The Board went on to state in the instant case that "[i]n any event, Section
18.4 specifically states '[i]n computing any period of time under these rules....' 29 C.F.R.
§ 18.4 (emphasis added). As there is no rule regarding motions for reconsideration under the
Part 18 Regulations, Section 18.4 is not applicable on its face. Accordingly, as motions for
reconsideration are governed by Federal Rules through Section 18.1, the computation of time is
similarly governed by those rules."
[Topic 19.5 Motion for Reconsideration]
In Carlisle v. Bunge Corp., ___ B.R.B.S. ___, BRB No. 98-1604
(Sept. 13, 1999), in order to determine whether or not this claim was time barred, the ALJ had to first
determine if Claimant had suffered a traumatic injury or occupational disease. Claimant worked as a
river operator, operating joysticks for usually three to four hours per day, but sometimes this work
would be as much as eight hours a day for several weeks at a time. Claimant's other job duties
included carrying heavy loads, pulling cables through loaded barges, climbing ladders, lifting barge
doors and scooping beans with a shovel. Crediting the testimony of two doctors, the ALJ found that
Claimant had suffered an occupational disease.
Through a series of cases, the Board defined an occupational disease as
"any disease arising out of exposure to harmful conditions of employment, when those conditions
are present in a peculiar or increased degree by comparison with employment generally." The
Board found that "claimant's employment requiring the operation of joysticks and bobcat levers,
involved 'harmful' repetitive hand and arm movements, which are peculiar to his job as a river operator
. . . claimant's use of joysticks would require 'a marked amount of flexion/extension, ulnar and radial
flexion in alternating movements,' and thus, those activities are significantly attributable to his
condition." Affirming the ALJ, the Board found that Claimant's occupational disease afforded
him the benefit of the longer statute of limitations prescribed by Section 13(b)(2) and his claim for
compensation was therefore timely.
[Topics 2.2.13 Occupational Diseases: General Concepts; 2.2.15
Occupational Disease vs. Traumatic Injury; 13.1.2 Starting the Statute of
Limitations--Section 13(b) Occupational Diseases]
In the hearing loss case of Everson v. Stevedoring Services of
America, ___ B.R.B.S. ___, BRB Nos. 98-0104 and 98-1648 (Sept. 24, 1999), Claimant
testified that he worked for Employer at least 90% of the time during the last 15 years of his
employment. The ALJ found the employer liable for benefits and the employer and carrier (Homeport)

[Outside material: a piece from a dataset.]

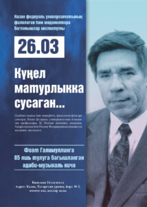 Әдәбият галиме һәм тәнкыйтче, филология фәннәре докторы, Казан федераль университетның атказанган профессоры, Җ. Вәләди премиясе лауреаты, Татарстанның һәм Россия Федерациянең атказанган мәдәният эшлеклесе Фоат Галимуллинга 85 яшь тулуга багышланган әдәби-музыкаль кичә «Күңел матурлыкка сусаган...» - 26 март, башлана 14 сәгатьтә, адрес: Казан, Татарстан урамы, йорт № 2, өченче кат, актлар залы.

filed a Motion for Reconsideration and Section 22 modification to designate Eagle Pacific as the insurer
liable for Claimant's benefits. In the appeal it was also argued that the claimant did not prove that the
employer was the last maritime employer. The ALJ denied this relief noting that the employer and
carrier should have availed themselves of the opportunity to litigate the issue of responsible carrier
during the initial proceeding.
On appeal the Board observed that the ALJ credited Claimant's testimony that
he worked for the employer 90% of his time during his last 15 years of employment and
"although claimant could not testify specifically that he was employed by employer when he last
worked aboard a ship that used a steam winch (source of loud noise), it is employer's burden to
affirmatively establish that is did not expose claimant to potentially injurious stimuli." Since
Employer did not meet its burden, the Board affirmed the ALJ's award of benefits. The Board also
observed that the ALJ "rationally found that since the claimant was alleging many years of
exposure to injurious noise levels, employer and Homeport should have been aware that an insurer
other than Homeport provided longshore coverage during some of those years, and thus, they had
committed error in failing to raise and litigate the issue of responsible carrier at the initial hearing."
Moreover, the Board concurred with the ALJ that permitting an additional carrier
to join the proceedings would require it be given the opportunity to re-litigate the issues in the claim in a
new hearing at considerable time and expense, and the need for finality in decision making outweighs
the carrier's interest in modifying the first decision.